So I cried again in Wolof. For those of you playing along at home, we’re up to four sessions of this class in which I have teared up. Given that this is a class that has only met ten times in the last two months, this is Kind of an Issue.
Don’t get me wrong: I do not want to be crying in class. This is not an attention thing. Something about my teacher’s style simply makes my eyes leak tears like a squid squirts ink. (In all fairness to my body, this one saves me a fortune on bleach.)
It’s not that classes haven’t made me cry before. I tear up easily and mostly define my self worth in terms of academic achievement.* But in every occasion that I can think of doing this sort of massively embarrassing thing, it happened after I left the room. Wolof sucks so hard that I literally cannot keep it together while sitting two feet away from my teacher.
Something about my teacher’s style prompts this. If I’m being facetious (“facetious” means “impolitely truthful,” right?), I attribute it to his being an asshole.
Mostly I’m just frustrated at failing to learn Wolof no matter how much I study. This is in part because studying for Wolof mostly involves memorizing lists and lists of pronouns, which the Wolof have decided is a better way of handling things than verb conjugation. Sometimes the pronoun sets overlap incompletely, just for fun. Sometimes they indicate different tenses depending on whether the verb you’re using is stative or active.
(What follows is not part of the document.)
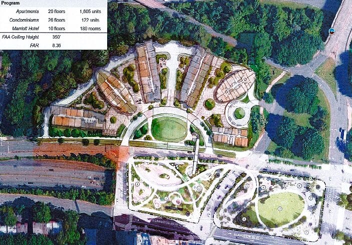 Plans for the Potomac Overlook development call for public space in about two-thirds of a vacant 5.5-acre lot at 1401 Langston Blvd — acting as “an extension” of neighboring Gateway Park, Chris Gladstone, president of D.C.-based Quadrangle Development Corporation, told ARLnow.
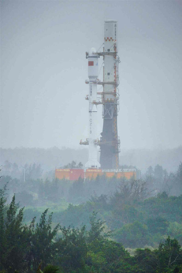 雨霧蒙蒙中,火箭向發(fā)射區(qū)前進(jìn)

It’s fabulous.
Did I mention that the number system is base five?
But! Back to the part where I lose it in class. Today I got a test back on which I had received a 10/15. Because the Frenegalese lack the American level of grade inflation, this isn’t terrible, but it certainly isn’t good. It was the lowest grade in the class.
After ten minutes of explaining why it was our fault that we had missed the questions in this particular section (on which I had received a 0/2), the Wolof teacher started to look at each person’s individual exam and correct them out loud, just in case we weren’t clear about how we screwed up. I was frustrated that I had missed the points based on a stupid error that I had made consistently.
Because I had missed all of the questions in this section, I was not exactly thrilled when my turn came. Wolof Teacher and I had the following exchange in French in front of the rest of the class.
WOLOF TEACHER: Oh, you missed all the questions.
ME: Yes. I understand why.
WOLOF TEACHER: You should have known them.
ME: Yep. Got it.
WOLOF TEACHER: See, it should have been “laa,” not “mangi.”
ME: I. Understand.
It’s not that I mind having my classmates know that I did poorly. But I do mind someone else telling them that. As you might have guessed from the fact that I write about myself all the damn time on the internet, I like to be able to control the narrative of my own personal failures. Makes me feel all warm inside.
The Wolof teacher constantly takes that away from me, because he really enjoys correcting students in front of the whole class and is not big on individualized praise. (By “not big on” I mean “he still doesn’t know the names of two of the girls in my five-person class.”)
And it would be one thing if my Wolof was improving as a result of this. But my class continues to lag behind everyone else’s sections in terms of curriculum covered, and my Wolof continues to stall.
I am finding it very, very difficult not to make comparisons between this guy and any of my French teachers from the last 9 years, who—for the record—never made me cry and taught me well enough that I now speak French that can be described as “reasonably competent (if somewhat slurred).”
They also took less than two months to teach me how to say that I like something, and gave me exciting things like “nouns.” Those were heady days.
I’m trying to think of a funny way to end this, and I can’t find one. Mostly, I hate that this class takes away any feeling of control that I have over my own learning, and what frustrates me more than the C that I am inevitably going to get in this course is that I will continue to be humiliated twice a class until the end of this semester.
But, gimme a couple days and I swear to god this story will be even funnier than the one about how I headbutted a piano that one time after this guy dumped me while dancing to dubstep in his Family Guy boxers during a birthday party. Because if that is the only control over the situation that I am going to have, I am taking it and not letting go.
* Like 80% of that was a joke. They can pry the Phi Beta Kappa from my cold, dead hands!